The Subset Sum problem is described as follows: given a set of positive integers S and a target sum t, is there a subset of S whose sum is t? It is one of the well-know, so-called “hard” problems in computing. It's actually a very simple problem, and the computer program to solve it is not extremely complicated. What's hard about it is the running time – all known exact algorithms have running time that is proportional to an exponential function of the number of elements in the set (for worst-case instances of the problem).
Over the years, a large number of combinatorial problems have been shown to be in the same class as Subset Sum (called NP-complete problems). But, depending on how you measure the size of the problem instance, there is evidence that Subset Sum is actually an easier problem that most of the others in its class. The goal of this project is to strengthen the evidence that Subset Sum is an easier hard problem.
Suppose we have a set of n positive whole numbers S whose maximum number is m. We will define the ratio n/m to be the density of the set and denote the sum of all elements in the set as ∑S. If you look at the list of sums produced by subsets of S, you notice that very few sums are missing if S is dense enough. In fact, it appears that there is an exact density threshold beyond which no sums between m and half the sum of S will be missing. Our preliminary experiments have led to the following hypothesis: A set of positive integers with maximum element m and size n > floor(m/2)+1 has a subset whose sum is t for every t in the range m < t < ∑S − m.
So here's where you can help.

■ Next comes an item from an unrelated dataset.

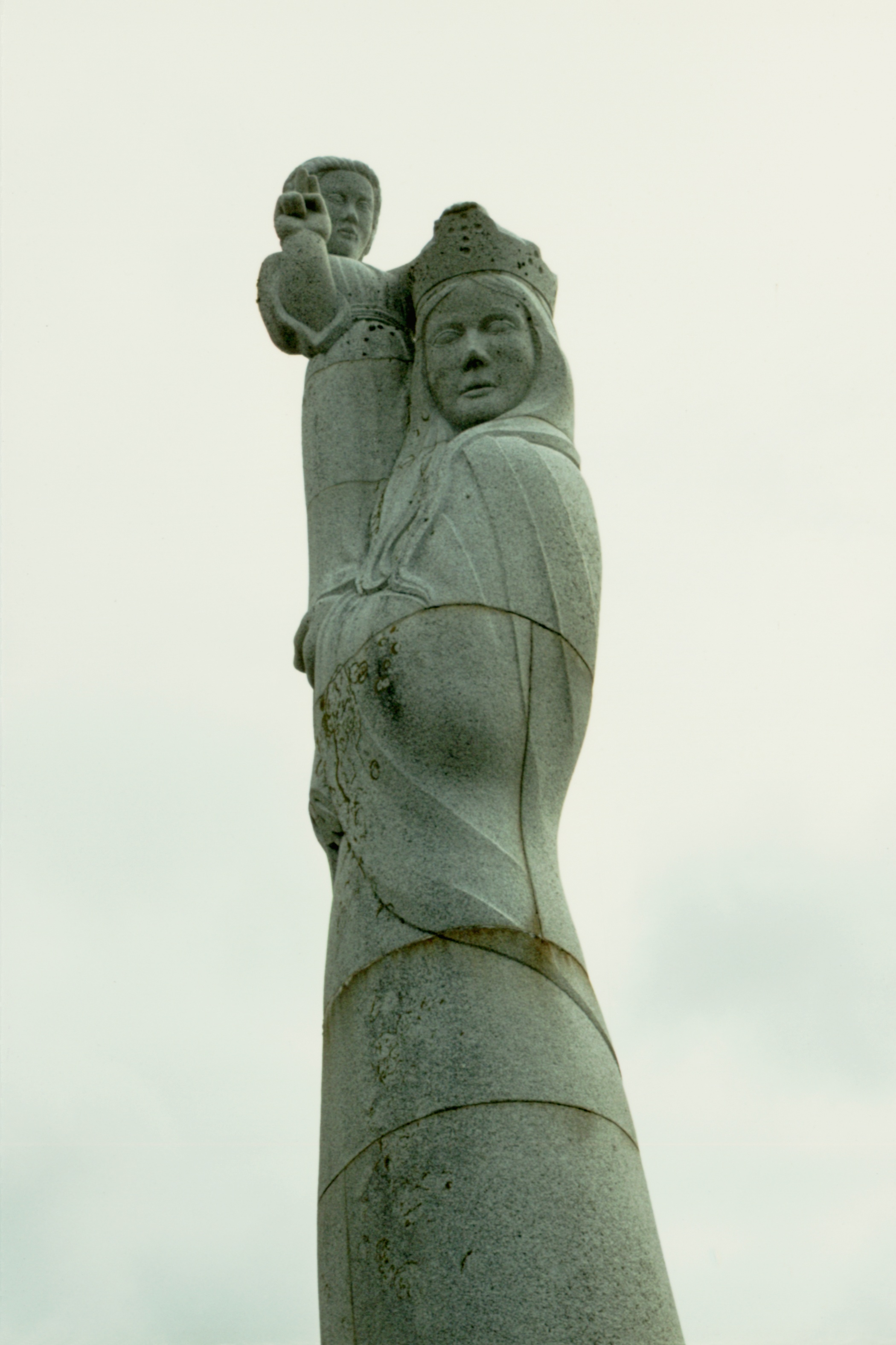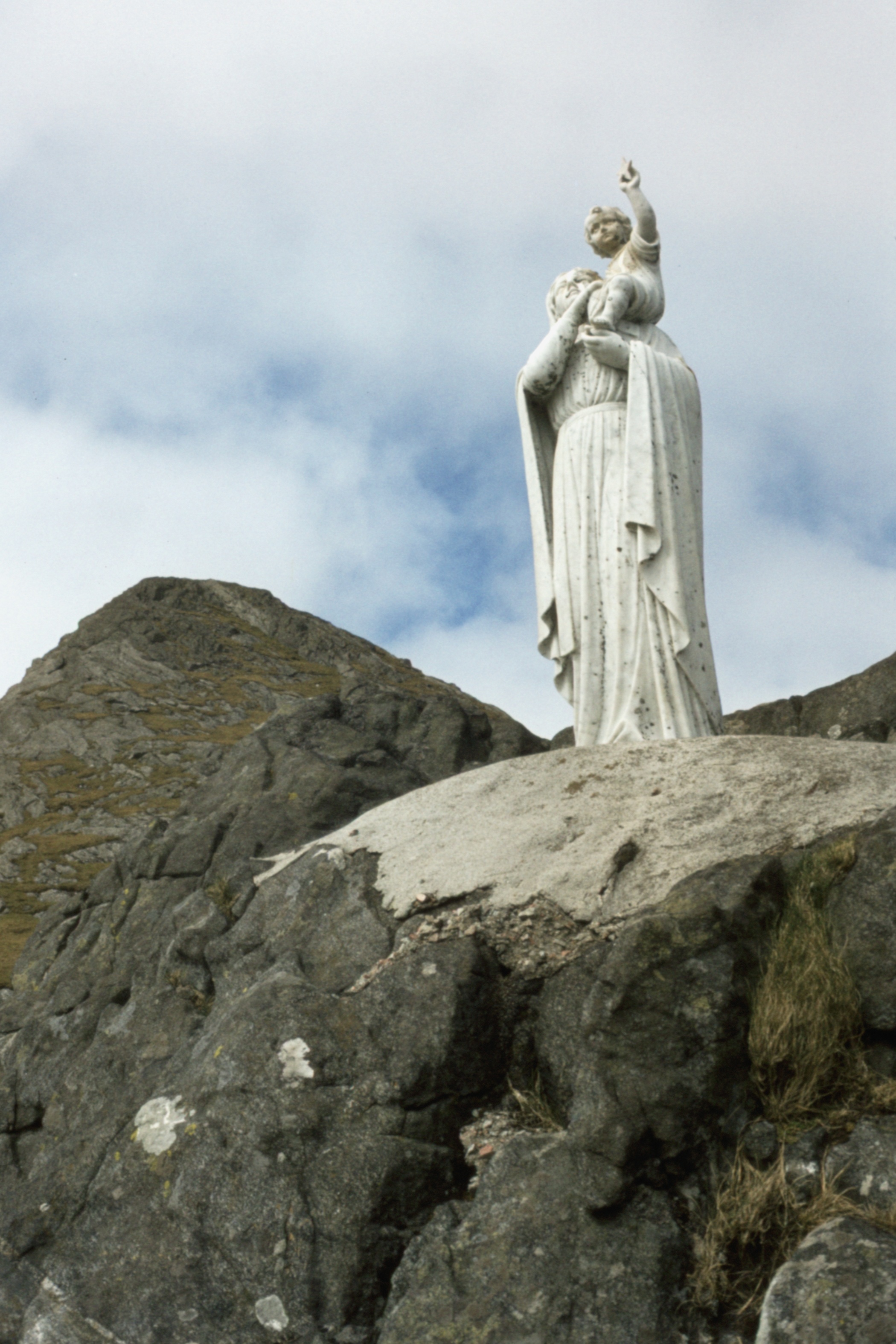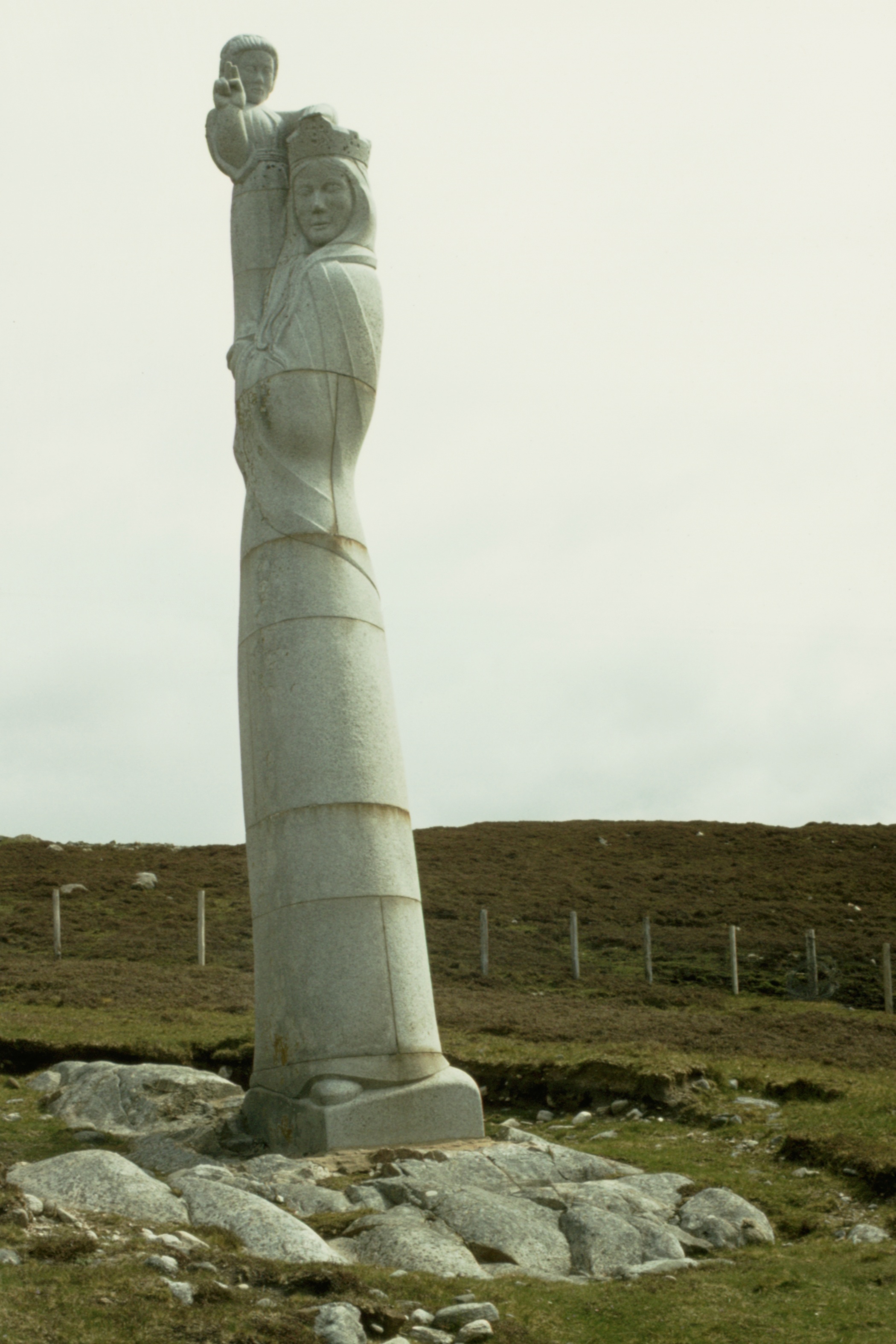 The statue of Our Lady of the Isles (Hew Lorimer, 1958) on the side of Rueval on the west coast of South Uist is 9 metres high. Carved on site from Creetown granite, the statue was commissioned by Fr John Morrison and paid for by the islanders.

So far, we haven't been able to prove the hypothesis above. If you want to be really helpful, you can send us a proof (or show us where to find one in the research literature), and the project will be done. But if you want to be slightly less helpful and have more fun, you can volunteer your computer as a worker to see how far we can extend the empirical evidence. You will also be helping us figure out better ways to apply distributed computing to combinatorial problems.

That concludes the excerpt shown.